What does zero partition function physically mean?

[cryptist]

Is there a physical process in thermodynamics that results the value of the partition function as zero?

When partition function is zero, then free energy becomes infinity, and it also yields negative entropy (at least within the system). Are there physical meanings of these?

 

[Studiot]

The partition function is defined by an exponential.

Can an exponential be zero?

 

[cryptist]

The partition function is defined by an exponential.

Can an exponential be zero?

Yes. Since Ʃ e^-βE_s is zero when T (temperature) goes to zero, or E_s goes to infinity.

 

[Studiot]

And when do these delightful occurrences happen?

 

[cryptist]

And when do these delightful occurrences happen?

What do you mean?

 

[Khashishi]

It means the system is impossible. There are no valid states, so it is unrealizable.

 

[Studiot]

What do you mean?

You asked what a zero partition function means.

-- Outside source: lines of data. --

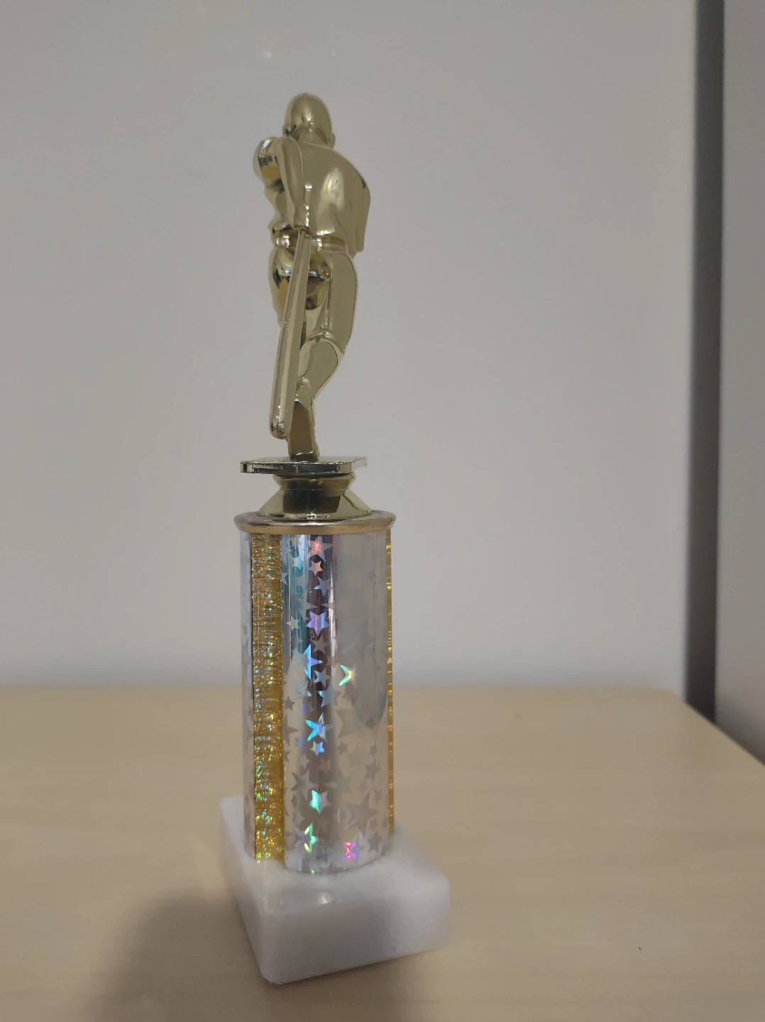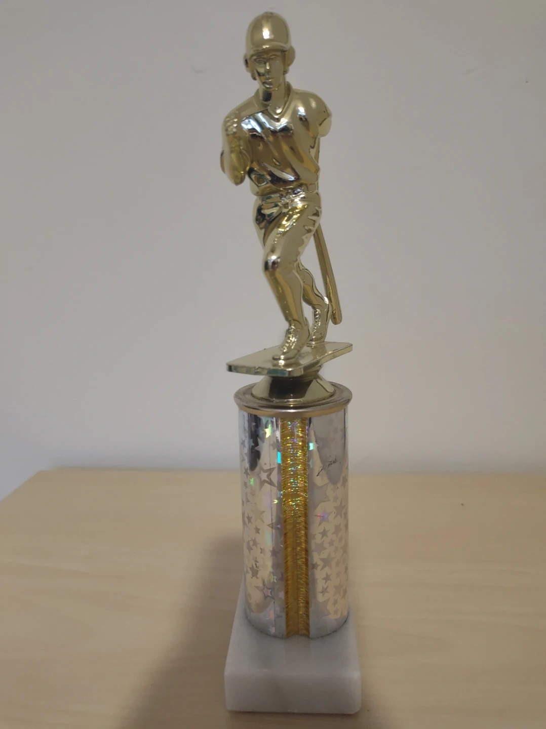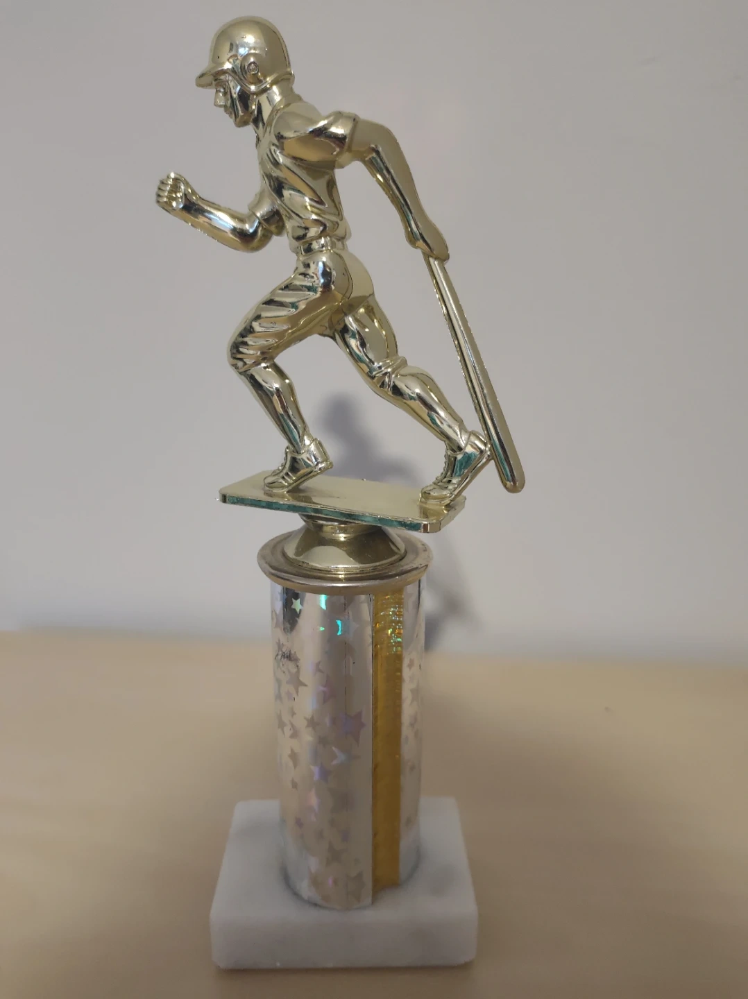 Selling a baseball trophy with a gold-colored player figure on top. The base is decorated with stars. Great for a sports enthusiast or as a fun award!
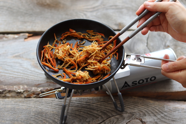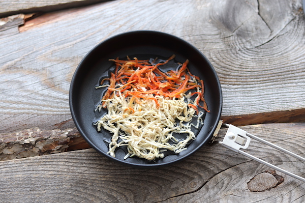なお、しょうゆとニンニクというシンプルな味付けですが、桜えびの塩っけや旨味、乾燥野菜から出る出汁で味わい深い一品になっています! 山ではなるべく少ない調味料で作れる方がよいので、食材の持つ旨味や塩分を生かして作れるレシピは重宝しますね。
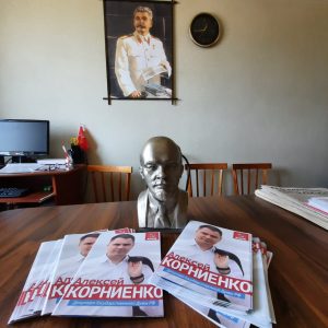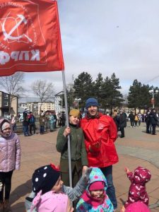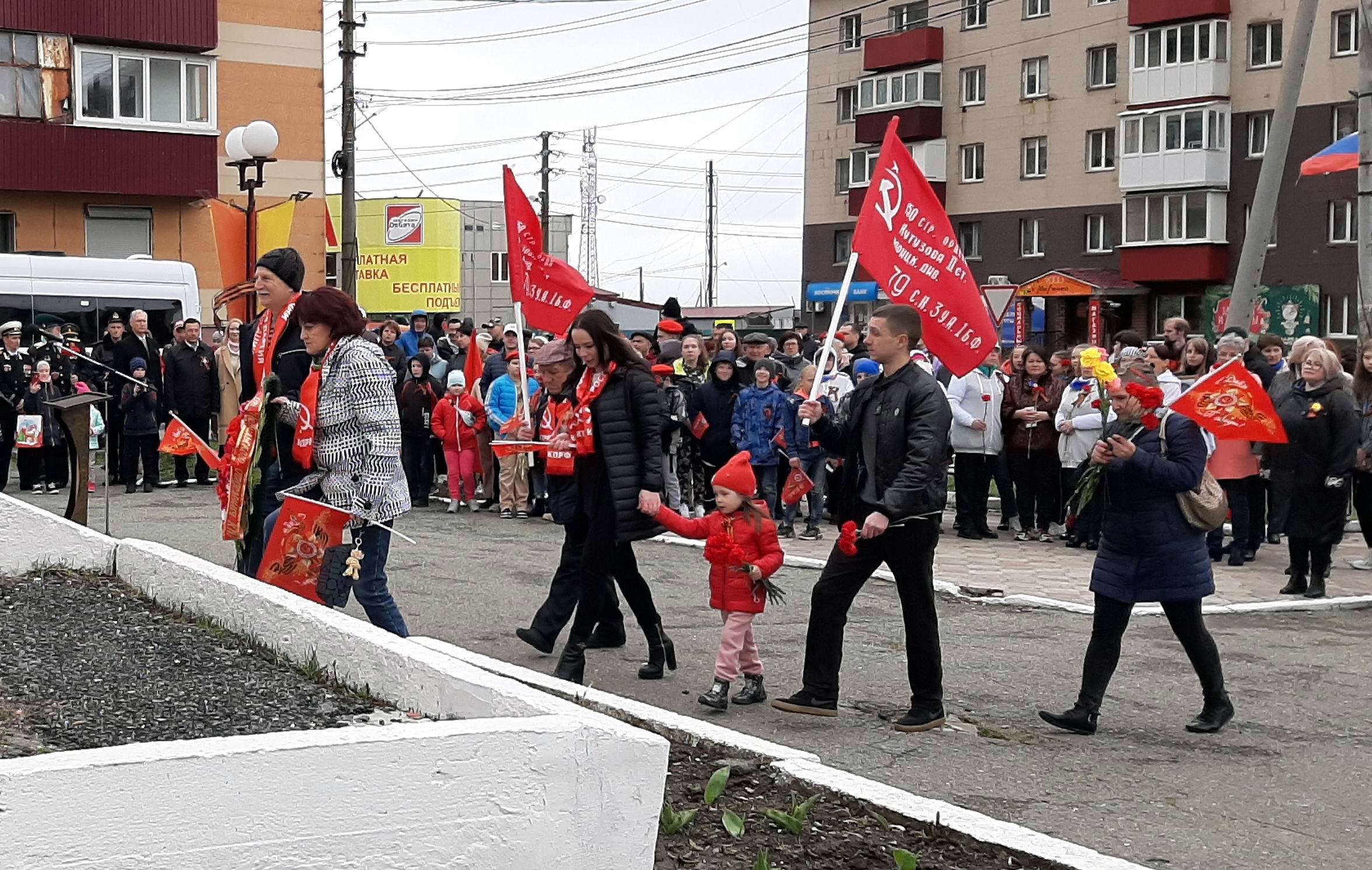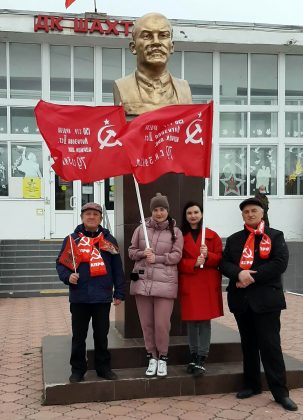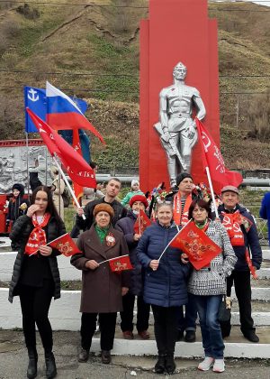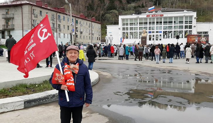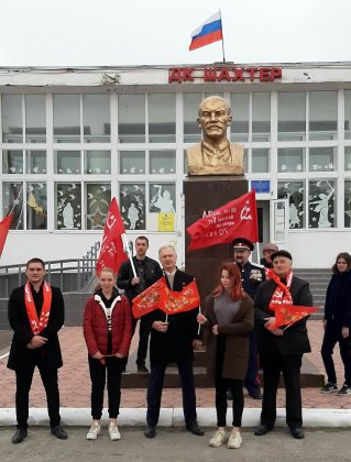 Александровск-Сахалинские коммунисты приняли участие в праздничном митинге. Во время раздачи агитационного материала получили в подарок бюст В.И.Ленина.
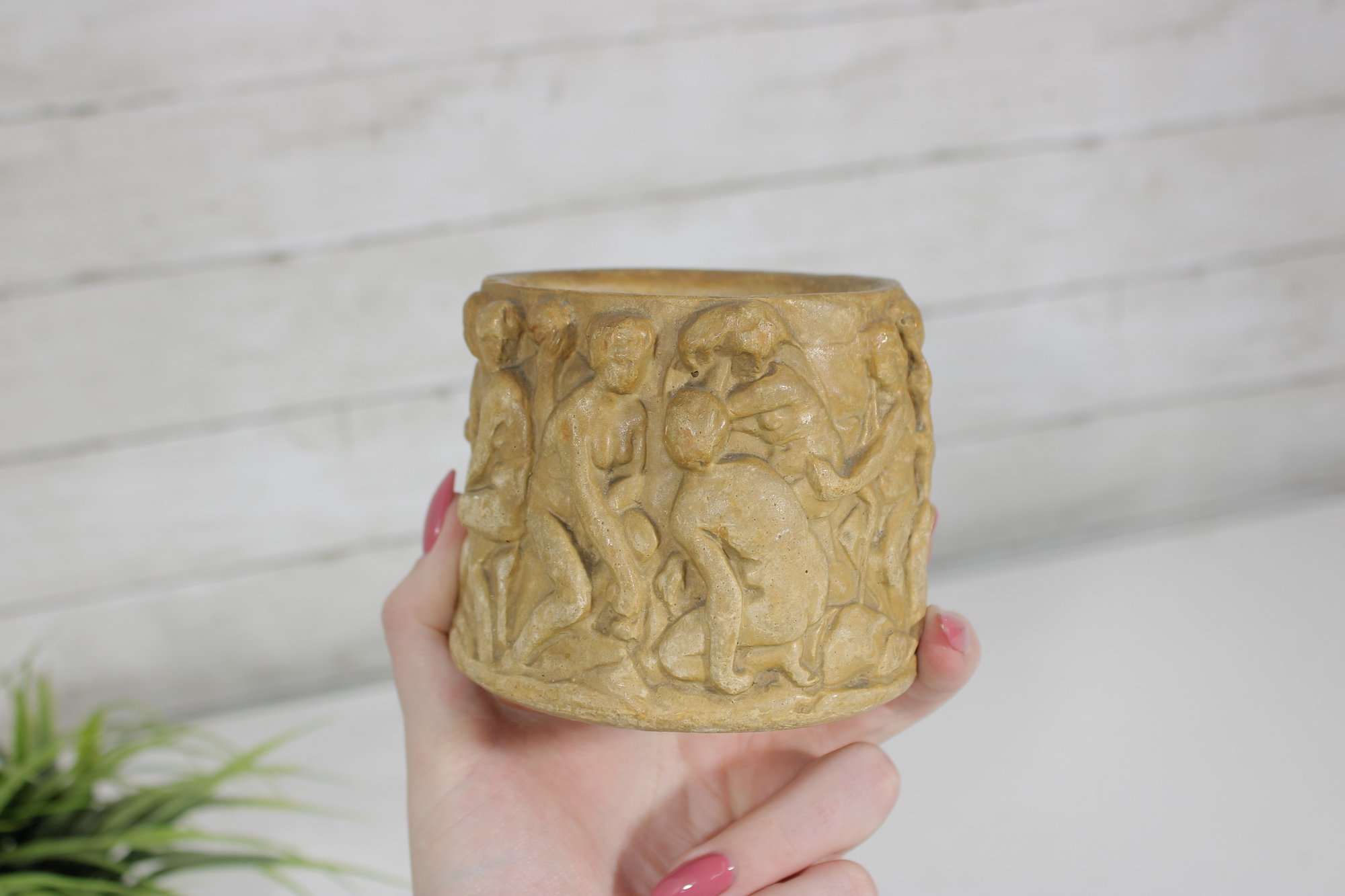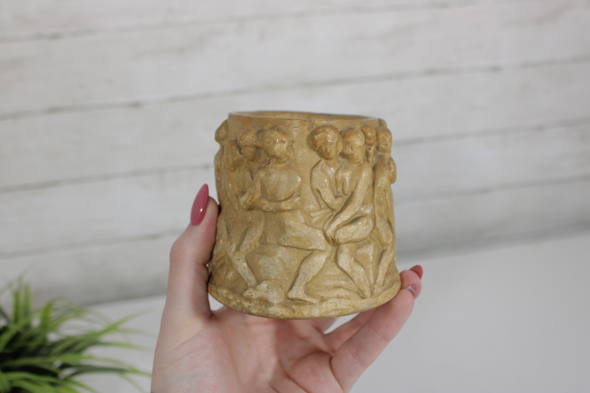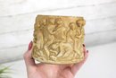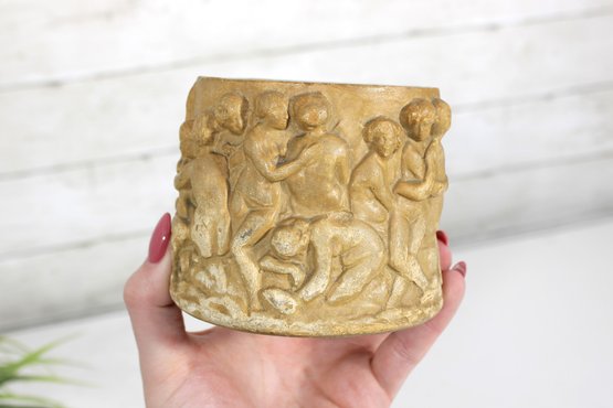 Charming vintage resin vase or small planter featuring a beautifully detailed classical cherub (putti) relief design. The exterior is decorated with multiple cherubs in a playful scene wrapping around the entire piece, giving it a timeless Renaissance or classical-inspired look.
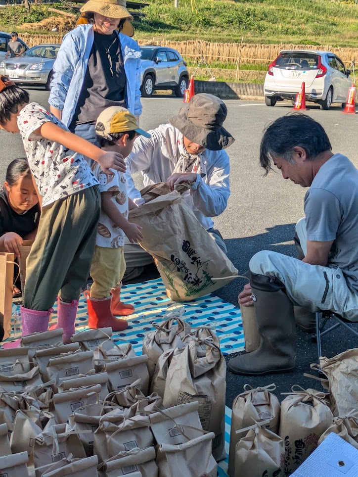 出来上がった玄米を米袋に分配。ここでも、子どもたちが大活躍です。
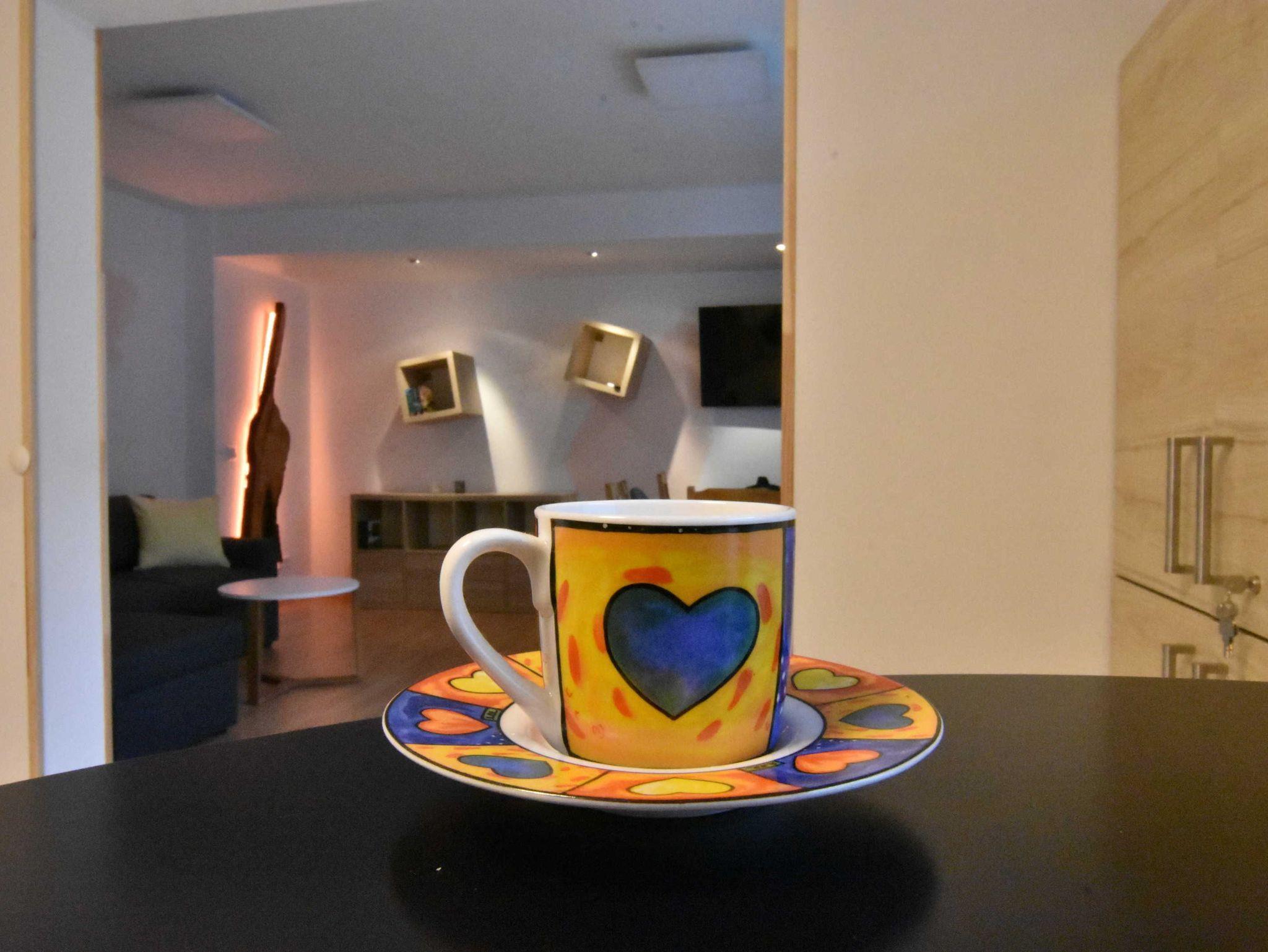 Die modern eingerichtete Küche beinhaltet einen Kühlschrank mit Gefrierfach, einen Herd mit Backofen, einen Geschirrspüler und eine Waschmaschine mit Trocknerfunktion. Die eingerichtete Terrasse erreicht man direkt über den Wohnraum. Verschiedene Lichteffekte sowie einige Holzelemente runden die neu renovierte Wohnung ab.

You were so nearly there I'm sure you would rather work it out for yourself than just be told. It's not a question you would ask if you were not interested so I was trying to hint.

So I am basically saying look at the definition or formula for the partition function and ask

"under what conditions? ie under what values of the variables? can this equal zero"

and you will have worked out your answer.

Please note that your β = 1/kT so if T = 0 you are dividing by zero.

 

[cryptist]

Ok. I am just wondering, so, let's say that partition function is not zero but, close to zero. Then, free energy will be very very large. Is there a similar physical process of that? Or what does physically mean?

If there is no physical process like this, consider this as a hypothetical question. What would be the consequences?

 

[Studiot]

Bear in mind that the phrase 'close to zero' can be misleading.

The scale you refer to is like the temperature scale and the law of diminishing returns - non linear.

The closer you get the harder it become to achieve the next small increment.